During its long history, the Rock of Gibraltar has changed rulers many times, with Spanish, British and Moorish leaders all taking power. Regardless of all these changes, it has been consistently under British control since the Treaty of Utrecht, made in 1713. Before the British came to power, Spanish was widely spoken in Gibraltar. In the period that followed, most of the residents left the country, so the language was spoken by a significantly smaller section of the population. In 1753 there were only 185 Spanish there, while in 1777 only 134 residents were Spanish. Two centuries later, in 1985, the border with Spain was finally opened, allowing people to easily travel in and out of Spain, which is one the main factors for the huge presence of Andalusian Spanish in Gibraltar nowadays. According to the 2001 census, there were 326 people of Spanish nationality in Gibraltar, and a large number of frontier workers who worked on the island.
As Gibraltar is geographically very close to Morocco and Algeria, which are the Arabic-speaking North African countries, Maghrebi Arabic language is spoken by the Moroccan and other North African minorities in this country. In 2001 census, there were 961 Moroccans in Gibraltar.

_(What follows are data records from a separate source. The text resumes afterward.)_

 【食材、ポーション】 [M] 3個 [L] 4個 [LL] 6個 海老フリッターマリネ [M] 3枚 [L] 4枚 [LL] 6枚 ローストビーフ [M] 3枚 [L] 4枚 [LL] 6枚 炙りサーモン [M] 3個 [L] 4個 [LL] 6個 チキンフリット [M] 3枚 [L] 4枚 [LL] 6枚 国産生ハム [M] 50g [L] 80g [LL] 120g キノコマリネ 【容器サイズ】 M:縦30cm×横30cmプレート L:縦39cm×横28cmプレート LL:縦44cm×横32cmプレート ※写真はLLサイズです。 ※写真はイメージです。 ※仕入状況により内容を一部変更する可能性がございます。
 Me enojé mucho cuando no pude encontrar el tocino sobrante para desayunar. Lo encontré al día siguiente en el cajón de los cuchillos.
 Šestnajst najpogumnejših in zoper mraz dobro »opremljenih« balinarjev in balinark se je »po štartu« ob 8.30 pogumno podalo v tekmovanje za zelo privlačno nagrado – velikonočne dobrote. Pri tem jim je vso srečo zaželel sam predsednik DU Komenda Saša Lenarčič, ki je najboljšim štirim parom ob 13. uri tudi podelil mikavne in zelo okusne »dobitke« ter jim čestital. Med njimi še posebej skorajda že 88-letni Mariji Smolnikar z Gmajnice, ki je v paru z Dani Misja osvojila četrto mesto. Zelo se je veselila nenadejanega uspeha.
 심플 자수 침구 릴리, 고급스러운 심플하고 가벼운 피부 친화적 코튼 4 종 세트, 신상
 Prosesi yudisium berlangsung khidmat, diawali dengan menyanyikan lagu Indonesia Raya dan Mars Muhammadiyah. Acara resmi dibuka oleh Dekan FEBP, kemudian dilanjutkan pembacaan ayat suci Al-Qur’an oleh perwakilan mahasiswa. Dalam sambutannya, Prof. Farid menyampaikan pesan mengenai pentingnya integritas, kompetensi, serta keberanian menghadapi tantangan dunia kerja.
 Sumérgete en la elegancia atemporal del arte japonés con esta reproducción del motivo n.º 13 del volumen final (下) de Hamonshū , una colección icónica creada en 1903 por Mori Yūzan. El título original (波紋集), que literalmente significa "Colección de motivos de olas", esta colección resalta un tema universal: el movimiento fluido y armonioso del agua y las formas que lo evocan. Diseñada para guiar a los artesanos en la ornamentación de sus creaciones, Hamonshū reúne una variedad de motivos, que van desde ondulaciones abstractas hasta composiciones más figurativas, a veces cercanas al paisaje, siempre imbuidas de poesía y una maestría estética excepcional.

When it comes to other languages on the Rock, Hindi and Sindhi are also spoken, mostly by the Indian community of Gibraltar. Maltese is a language that was widely used in Gibraltar up until the late 19th century, and still spoken by some families of Maltese origin today. Genoese was spoken in Catalan Bay well into the 19th century, rapidly diminishing in the early decades of the 20th century. Hebrew is also spoken by the Jewish community in this country.
Visitors in Gibraltar
Most of the visitors to Gibraltar will hear several languages being spoken by the local people while they explore the area. However, it is good to know that the only official language in this country is English. This language is used for all business of the government, and for commercial purposes. It is also the official language used for teaching in schools. As mentioned earlier, the country’s Mediterranean position and proximity to Spain, Portugal and North Africa means that it is still strongly influenced by other languages and cultures, so Gibraltarian English might sound a little different from UK or US English.
Gibraltar has a multi-cultural society and many of the citizens are able to communicate in another language, which is usually Spanish, due to the country's location next to the Spanish region of Andalusia. Those who are born and raised in Gibraltar can generally speak Llanito as well. It is known as a dialect which is a mixture of English and Andalusian Spanish, but which reflects all the influences of other European languages as well. However, it is not necessary to be familiar with any particular language other than English, when visiting Gibraltar.

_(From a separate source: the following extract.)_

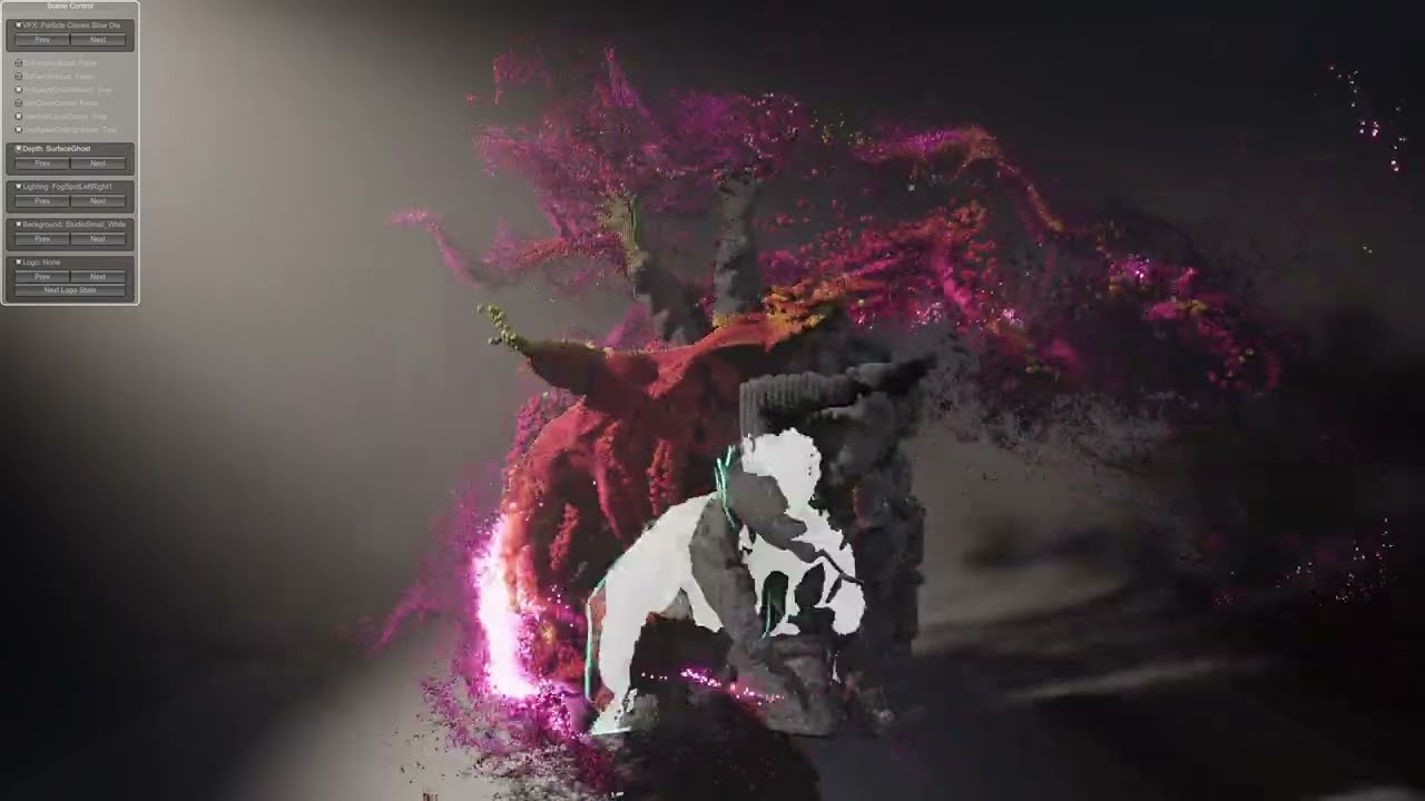 And a happy accident when using wrong debug buffer in overlay with a Y invert - I was really taken with the mirrored/kaleidoscopic motion so I’ll probably have more of a dig into that, but making the actual particle spawning and flow mirrored, to remove the ghosting and make the lighting correct:

This country is not known for attracting a large number of expats. As a result of this, the languages that are used on daily basis include Arabic, Hebrew and Maltese, with Spanish which is more frequently used. In recent years some Italian and Russian voices can be also heard on the street, while Portuguese is also becoming more and more common. An English speaking expat would have no trouble at all in this country, without learning any other language. However, those who spend some more time in Gibraltar quickly start to learn some Spanish, even though Spanish people that work in the country are generally fluent in English language. For those whose native language is something other than English, it is recommended to learn enough English to communicate on a day to day level.

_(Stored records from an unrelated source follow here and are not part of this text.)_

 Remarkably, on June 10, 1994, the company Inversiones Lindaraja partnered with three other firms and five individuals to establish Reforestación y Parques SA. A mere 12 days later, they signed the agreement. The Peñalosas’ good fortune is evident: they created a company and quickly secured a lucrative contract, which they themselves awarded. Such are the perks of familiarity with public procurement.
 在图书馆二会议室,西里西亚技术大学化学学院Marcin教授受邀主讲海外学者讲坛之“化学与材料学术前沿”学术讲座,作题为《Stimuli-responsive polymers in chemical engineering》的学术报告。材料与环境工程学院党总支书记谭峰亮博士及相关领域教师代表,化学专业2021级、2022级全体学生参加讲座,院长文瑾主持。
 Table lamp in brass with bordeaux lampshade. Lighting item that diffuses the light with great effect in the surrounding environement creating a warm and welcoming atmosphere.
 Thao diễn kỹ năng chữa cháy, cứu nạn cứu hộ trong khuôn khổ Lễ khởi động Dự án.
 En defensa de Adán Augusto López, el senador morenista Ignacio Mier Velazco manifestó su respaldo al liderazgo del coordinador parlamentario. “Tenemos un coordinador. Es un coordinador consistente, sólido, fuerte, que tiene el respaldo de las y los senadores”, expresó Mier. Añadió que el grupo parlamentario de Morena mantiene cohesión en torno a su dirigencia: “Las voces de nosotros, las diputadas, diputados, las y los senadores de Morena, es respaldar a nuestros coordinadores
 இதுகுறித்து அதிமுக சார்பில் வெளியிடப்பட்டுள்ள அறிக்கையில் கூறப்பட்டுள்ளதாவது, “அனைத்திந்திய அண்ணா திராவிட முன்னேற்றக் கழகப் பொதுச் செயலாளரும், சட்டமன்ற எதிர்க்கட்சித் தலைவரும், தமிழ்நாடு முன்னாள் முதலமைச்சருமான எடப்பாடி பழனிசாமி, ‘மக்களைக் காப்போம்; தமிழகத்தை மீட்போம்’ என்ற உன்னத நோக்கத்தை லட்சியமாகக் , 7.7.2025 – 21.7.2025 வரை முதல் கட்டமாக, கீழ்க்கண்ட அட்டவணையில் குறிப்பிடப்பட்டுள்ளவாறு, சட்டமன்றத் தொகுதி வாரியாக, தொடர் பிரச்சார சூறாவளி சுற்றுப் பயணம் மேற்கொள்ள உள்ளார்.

For any expats that don't speak English, language classes can be easily found in this country. Expats who move to Gibraltar for work and are in need for language training should have some courses organized by their employer. It is also very easy to find a private tutor that can help with English.
In Gibraltar there are several language schools that offer different types of classes in different languages. Classes can be organized in groups or individually, and there are classes for small children as well as for adults. There are always numerous occasions to learn Spanish language while in Gibraltar and its proximity to Spain enables people to practice their skills even more.
Most of the schools can be found on the internet.